What Jesus Did and What Josh Did

Jesus didn’t write a letter. He didn’t request mediation. He fashioned a whip and went in swinging. Josh did something harder. He wrote. And wrote. And wrote again. He produced three Substack essays under a pen name. He developed The NeuroSpicy Papers — an 85-essay analytical series modeled on The Federalist Papers, examining community governance, legitimacy, and institutional design, published under the shared pseudonym Publius Neurospicus. He wrote songs. He built a documentation website. He created a React-based archive. He drafted formal analytical documents applying DSM-5 criteria and coercive control frameworks. He came back under another name to see if the community itself was worth saving. He was removed a third time. What Jesus and Josh share is not rage — though both had reason for it. What they share is the refusal to call the thing holy when it isn’t. The refusal to absorb the harm quietly. The insistence on naming what the institution is actually doing to the people it claims to serve. And they share this: the people with power in that room — the priests, the coin changers, Sol, Sebastian — were not confused about what was happening. They knew.

The End

Coda

Jesus cleared the Temple and three days later — in some tellings — it was business as usual again.
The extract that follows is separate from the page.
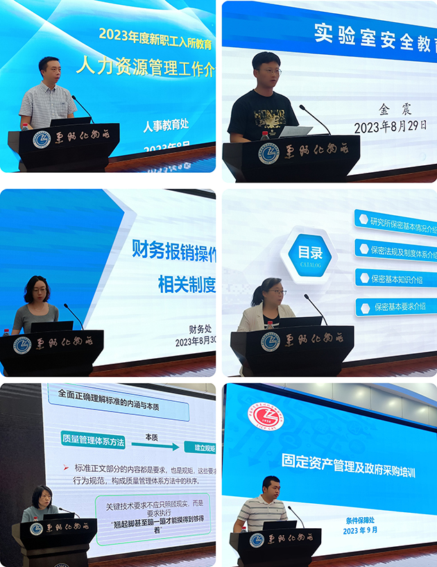 此次教育培訓分為業(yè)務培訓和專題培訓,業(yè)務培訓主要由黨委辦公室、所務辦公室、科研與規(guī)劃處、人事教育處、財務處、條件保障處、公共技術中心等分別就黨建、檔案管理、網(wǎng)絡安全、論文發(fā)表審查、人事人才、財務制度與報銷管理流程、固定資產(chǎn)管理與政府采購、公共設施使用與行為規(guī)范、公共平臺建設與運維等方面進行了介紹。專題培訓主要包括實驗室安全教育、保密教育、質(zhì)量管理體系建設與運行、館藏文獻與數(shù)據(jù)庫應用等。
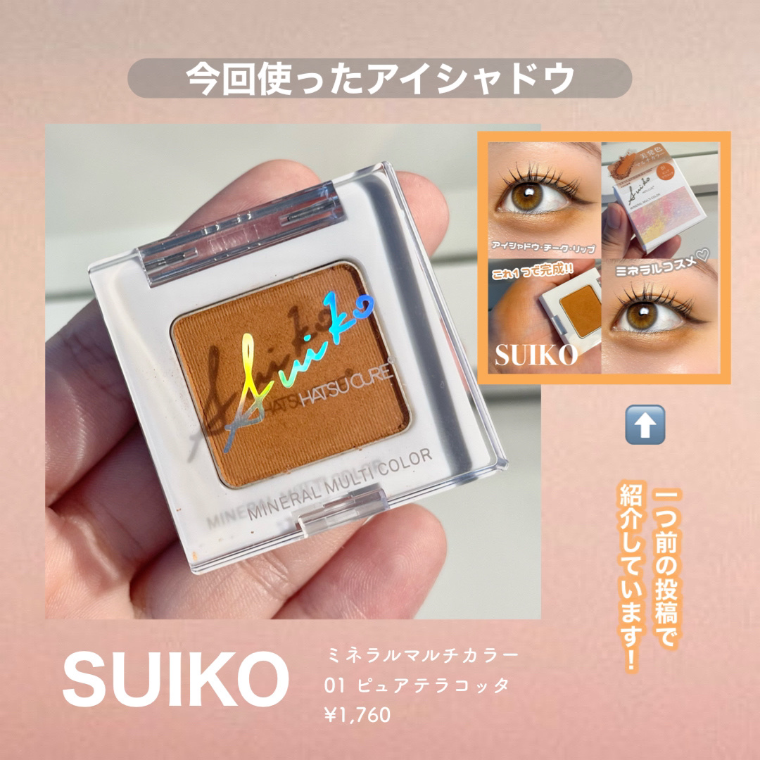 ヘアメイクアップアーティスト 牧野裕大さん監修 ブランド SUIKO ミネラルと天然由来成分にこだわったコスメ。保湿成分「クラゲコラーゲン」配合。 光と色で魅せる、ミネラルコスメ! パッケージも可愛いSUIKO 肌に映える絶妙なオレンジカラーでヘルシーな目元に ミネラルコスメとは思えず高発色なマットなカラーです。 アイシャドウとしてはもちろん、チークやリップ、シェーディングとしても使えます。 全部に使うと簡単に統一感が出せます。 石鹸オフ出来る所も◎ このお色、私にはちょっと難しかったです。 特にチークに使うと肌に赤みがある私にはくすんでしまう印象でした。 また他のカラーcheckしてみたいです。

The tables went back up. The coins were exchanged. The doves were sold. The institution outlasted the disruption. It usually does. But the Gospel writers preserved the story. The act was documented. The naming of the thing happened. And two thousand years later, when we talk about what it looks like for power to corrupt the sacred in the name of the sacred, we reach for that image: the overturned tables, the scattered coins, the man who refused to pretend the Court of the Gentiles was holy when it was a marketplace. The institution outlasts the disruption. The documentation outlasts the institution.

Harrison Shaw / Josh Wolf — March 2026
Harrison Shaw is a practical publishing identity. The pen name is explained in The Icarus Letter.